MODE FOR THE INVENTION
[0019] Exemplary embodiments of the present invention are described
with reference to the accompanying drawings in detail.
[0020] Detailed description of well-known functions and structures
incorporated herein may be omitted to avoid obscuring the subject
matter of the present invention. This aims to omit unnecessary
description so as to make the subject matter of the present
invention clear.
[0021] For the same reason, some of elements are exaggerated,
omitted or simplified in the drawings and the elements may have
sizes and/or shapes different from those shown in drawings, in
practice. The same reference numbers are used throughout the
drawings to refer to the same or like parts.

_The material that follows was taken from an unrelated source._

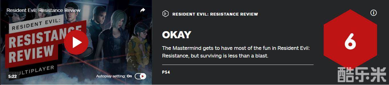 IGN 评分 6分:在《生化危机:抵抗计划》中扮演操纵者(Mastermind)的玩家能享受到游戏的大部分乐趣,但对幸存者而言就是另外一回事了。

[0022] Advantages and features of the present invention and methods
of accomplishing the same may be understood more readily by
reference to the following detailed description of exemplary
embodiments and the accompanying drawings. The present invention
may, however, be embodied in many different forms and should not be
construed as being limited to the exemplary embodiments set forth
herein. Rather, these exemplary embodiments are provided so that
this disclosure will be thorough and complete and will fully convey
the concept of the invention to those skilled in the art, and the
present invention will only be defined by the appended claims. Like
reference numerals refer to like elements throughout the
specification.
[0023] In this specification, ASIP denotes a type of processor and
is referred to an exemplary processor in the embodiments. According
to an embodiment, the ASIP may be a physical or logical structure
inside the arithmetic device.
[0024] The arithmetic devices including ASIPs and design methods
thereof according to the embodiments of the present invention are
described hereinafter with reference to accompanying drawings.

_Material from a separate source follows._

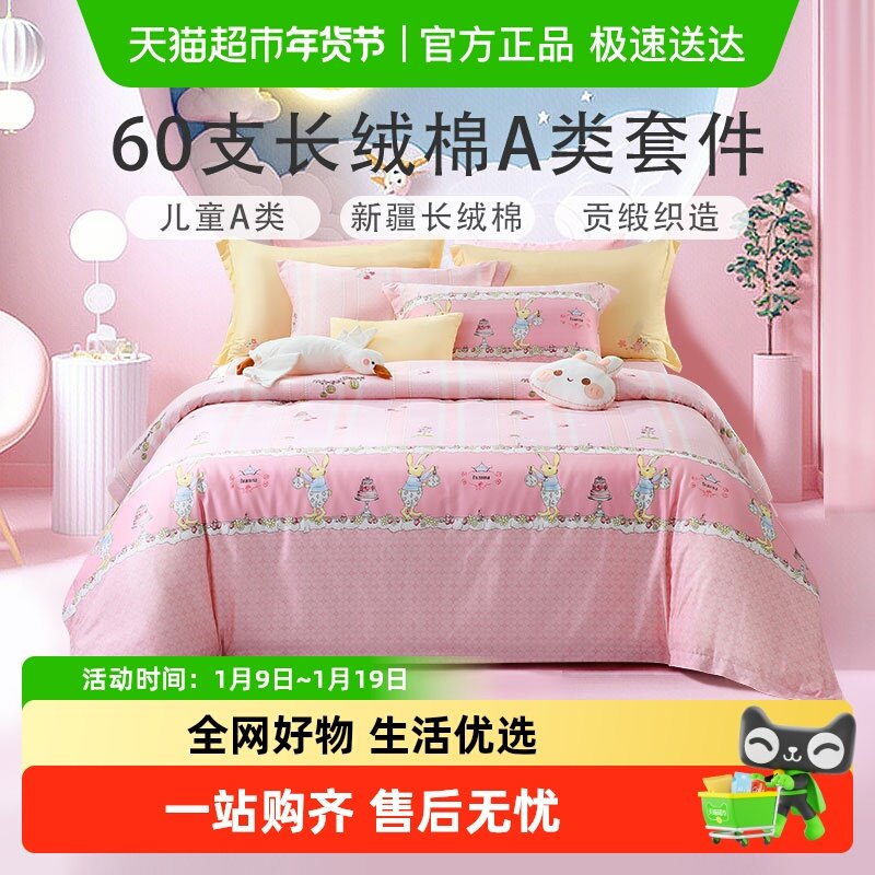 富安娜家纺60支长绒棉儿童纯棉四件套男女床单被套全棉床上三件套

[0025] FIG. 2 is a diagram illustrating an arithmetic device
including a plurality of ASIPs according to an embodiment of the
present invention.
[0026] Referring to FIG. 2, the arithmetic device may include a
first ASIP 200 and a second ASIP 250 that are capable of
instructions of specific applications.
[0027] The arithmetic device may further include a first Execution
Unit (EU) 230 connected to the first and second ASIPs 200 and 250
and capable of executing an instruction set. The first execution
unit 230 may receive a request necessary for the instruction from
both the first and second ASIPs 200 and 250. The first execution
unit 230 also may receive input data necessary for the instruction,
execute operation on the instruction based on the input data, and
transmit the output data including operation result to the
ASIP.
[0028] By sharing the execution units among the plural ASIPs in
this way, it is possible to reduce resource waste as compared to
the case of arranging the execution units executing the same
instruction independently. It is also possible to improve
integration density and performance. The execution unit may be a
logical or physical module depending on the embodiment. For
example, the execution unit may be an operation-specific
processor.
[0029] The first execution unit 230 may connect to a plurality of
ASIPs through dedicated interfaces. By connecting the first
execution unit 230 to plural ASIPs through dedicated interfaces, it
is possible to expect reducing data input/output delay and
improving operation speed as compared to the case of connection
through a bus.
[0030] The first ASIP 200 may include the second execution unit
210. In an embodiment, the second execution unit 210 executes the
instructions executable only in the first ASIP 200. By arranging
the second execution unit 210, which is used frequently in the
first ASIP 200 but not used in other ASIPs, inside the first ASIP
200, it is possible to avoid performance degradation caused by
collision among the processors. How to determine the execution
units to be shared and the operations of the execution units in
collision between processors are described later.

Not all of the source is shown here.